**PROBLEM STATEMENT**.
Nothing but the text of the records should come back; copy it exactly and leave the pictures out.

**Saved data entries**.

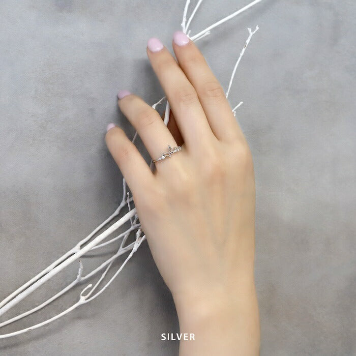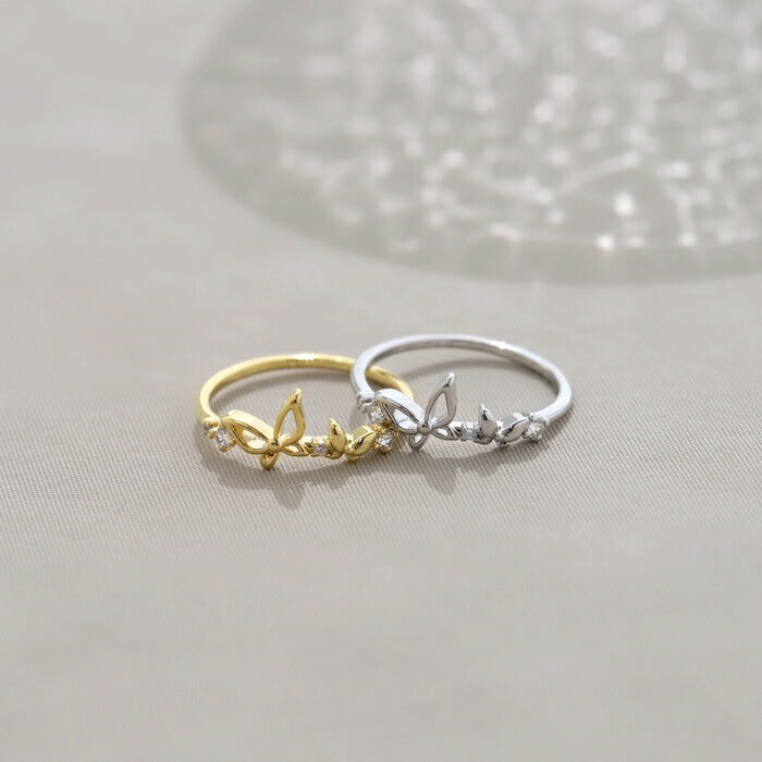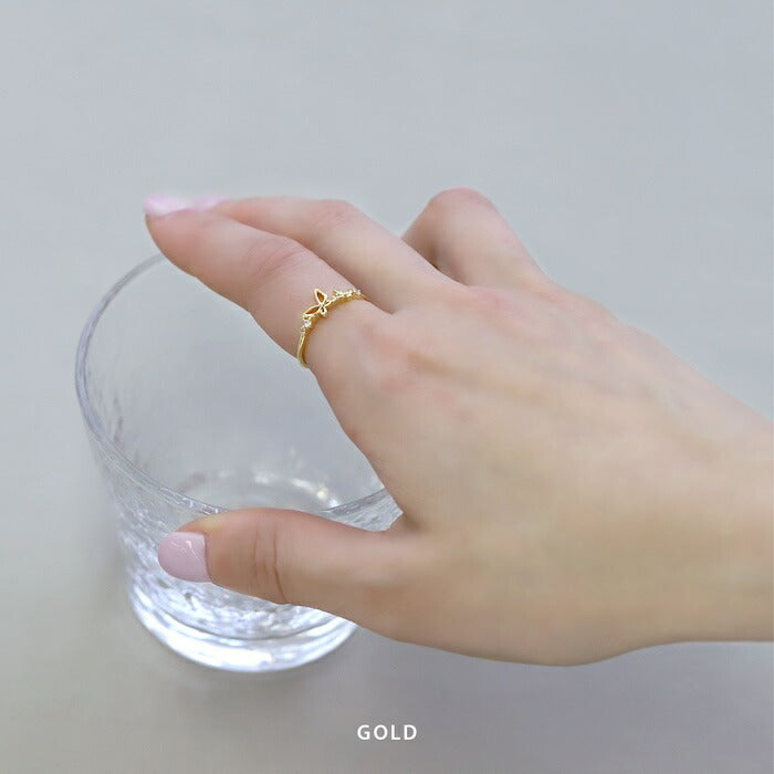 ring-90 リング 指輪 レディース ジュエリー アクセサリー 蝶 バタフライ シルバー ゴールド シンプル 低アレルギー 5号 9号 11号 13号 16k 16金 ファッションリング ゴールドリング シルバーリング キュービックジルコニア 細い 細め 高見え 高みえ 凛
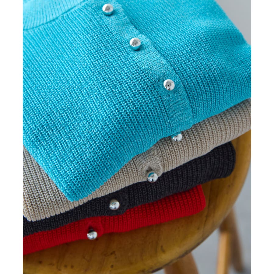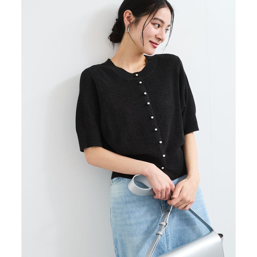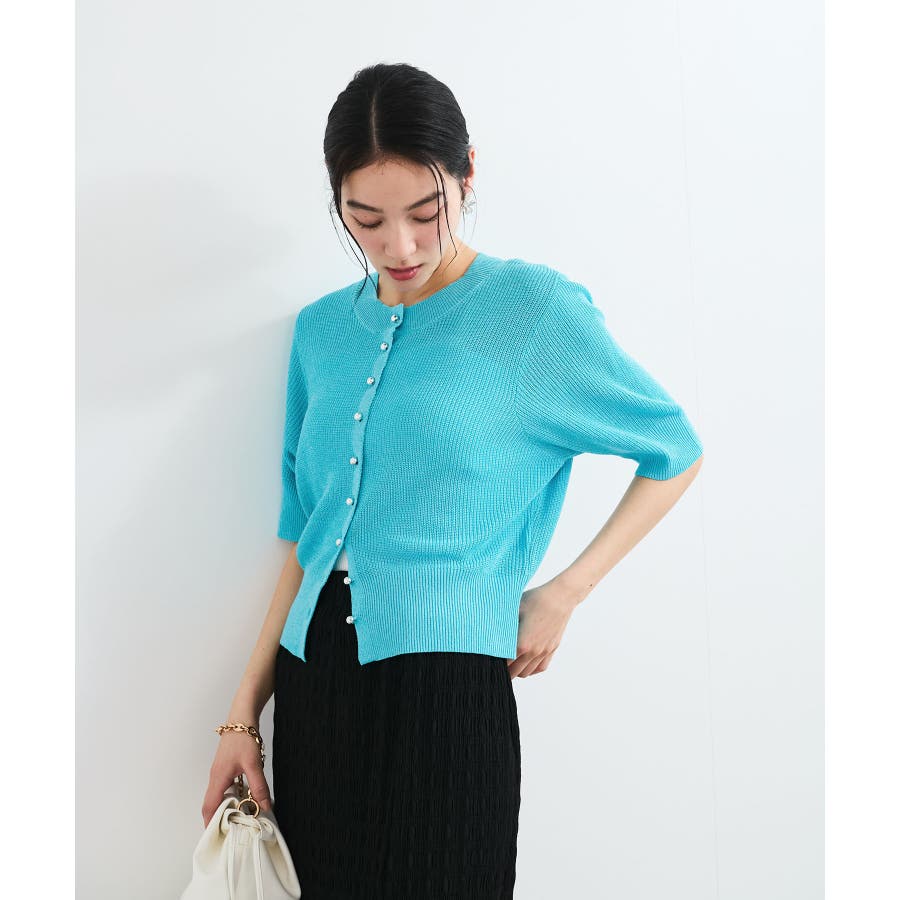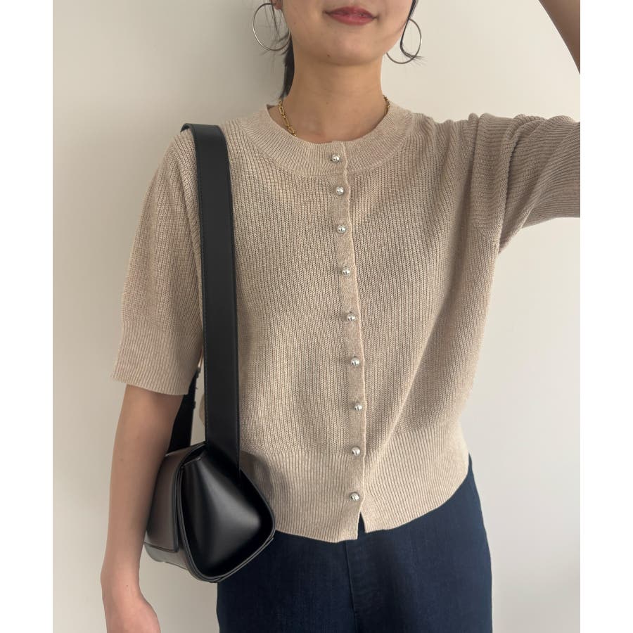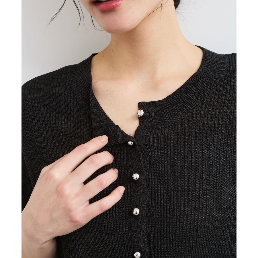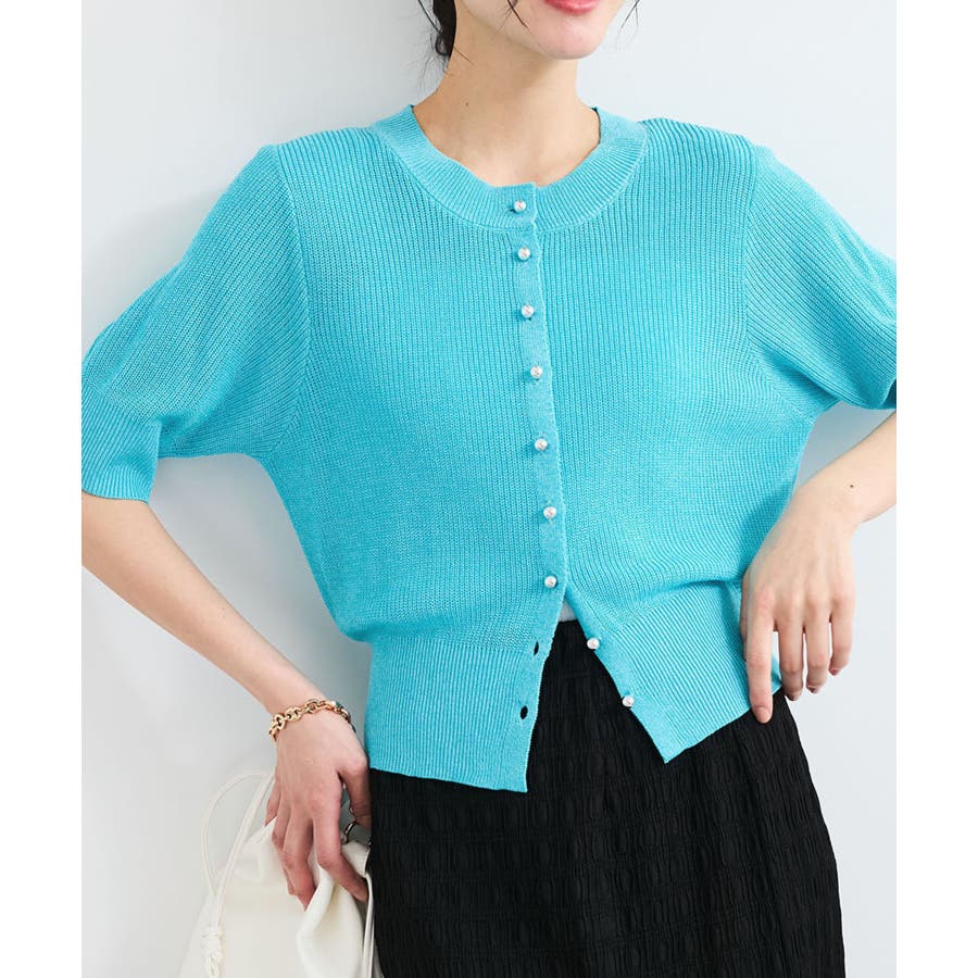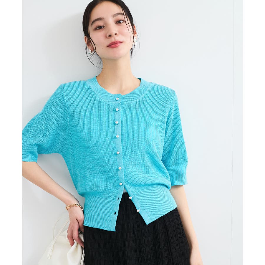 ・艶っとした多釦がスタイリングのアクセントになり、レディライクにもカジュアルな印象に着こなせるサマーニットカーディガン。
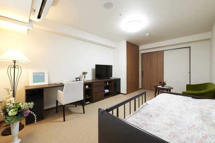 当施設では、業界トップクラスとなる約25.16㎡のゆとりある介護居室をご用意しております。お身体の状況に合わせて家具や生活動線を自在に変更でき、車いすや歩行器をご利用の方も安心してお過ごしいただけます。
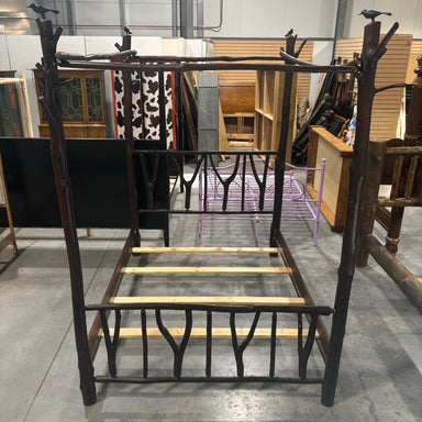 Description: QUEEN Ornate Carved Dark Finish Branch Style with Bird Accent Canopy BedCondition: Great, Slight WearDetails: Complete Set
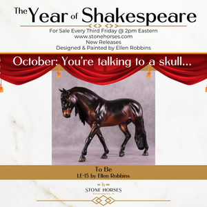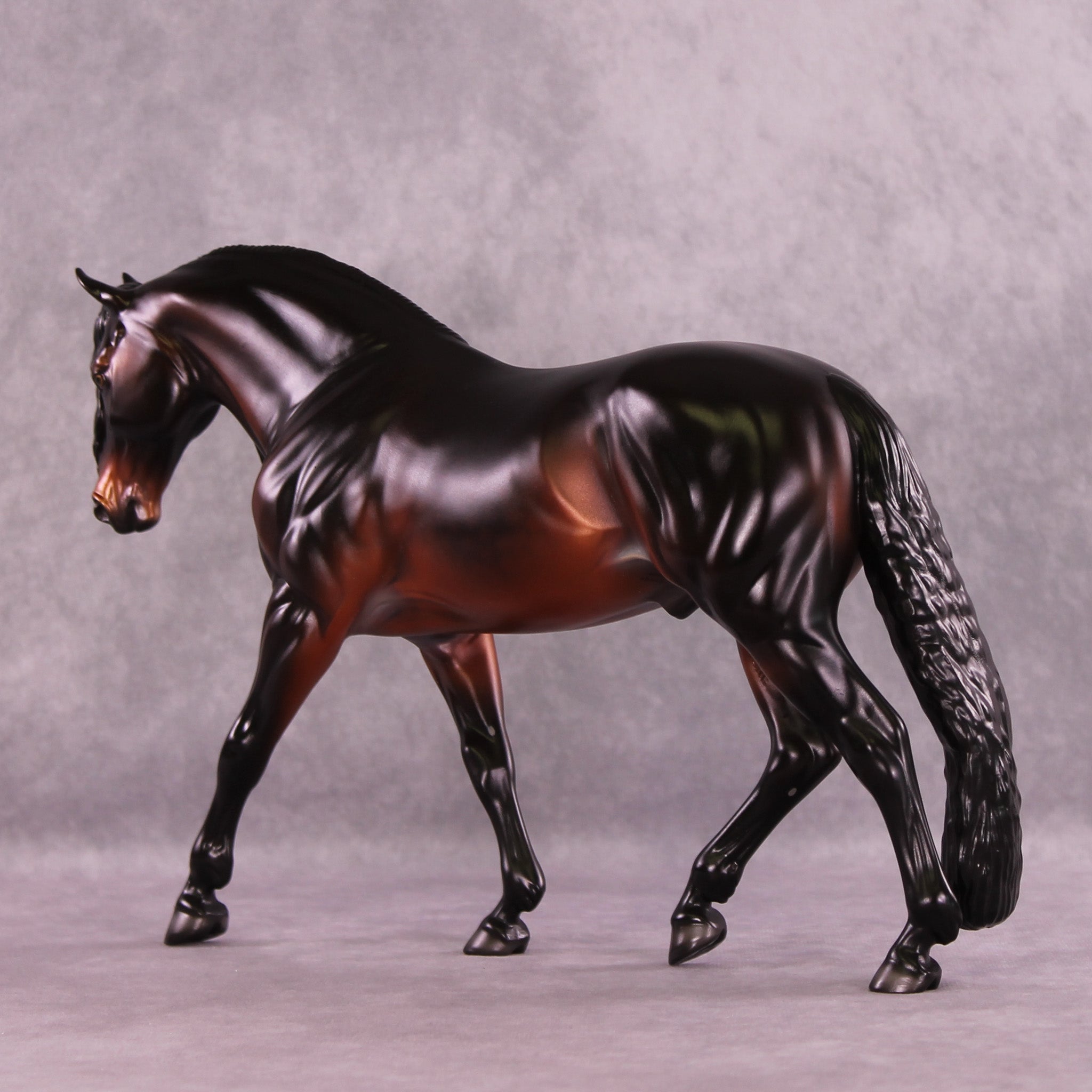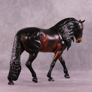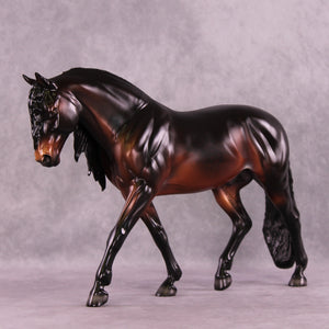 To Be represents Hamlet in a stunningly detailed dark dappled bay full of depth and dimension. He is presented on our Irish Draught mold featuring a long wavy mane and forelock, with customized extra long tail.

**TASK SOLUTION**.
 ring-90 リング 指輪 レディース ジュエリー アクセサリー 蝶 バタフライ シルバー ゴールド シンプル 低アレルギー 5号 9号 11号 13号 16k 16金 ファッションリング ゴールドリング シルバーリング キュービックジルコニア 細い 細め 高見え 高みえ 凛
 ・艶っとした多釦がスタイリングのアクセントになり、レディライクにもカジュアルな印象に着こなせるサマーニットカーディガン。
 当施設では、業界トップクラスとなる約25.16㎡のゆとりある介護居室をご用意しております。お身体の状況に合わせて家具や生活動線を自在に変更でき、車いすや歩行器をご利用の方も安心してお過ごしいただけます。
 Description: QUEEN Ornate Carved Dark Finish Branch Style with Bird Accent Canopy BedCondition: Great, Slight WearDetails: Complete Set
 To Be represents Hamlet in a stunningly detailed dark dappled bay full of depth and dimension. He is presented on our Irish Draught mold featuring a long wavy mane and forelock, with customized extra long tail.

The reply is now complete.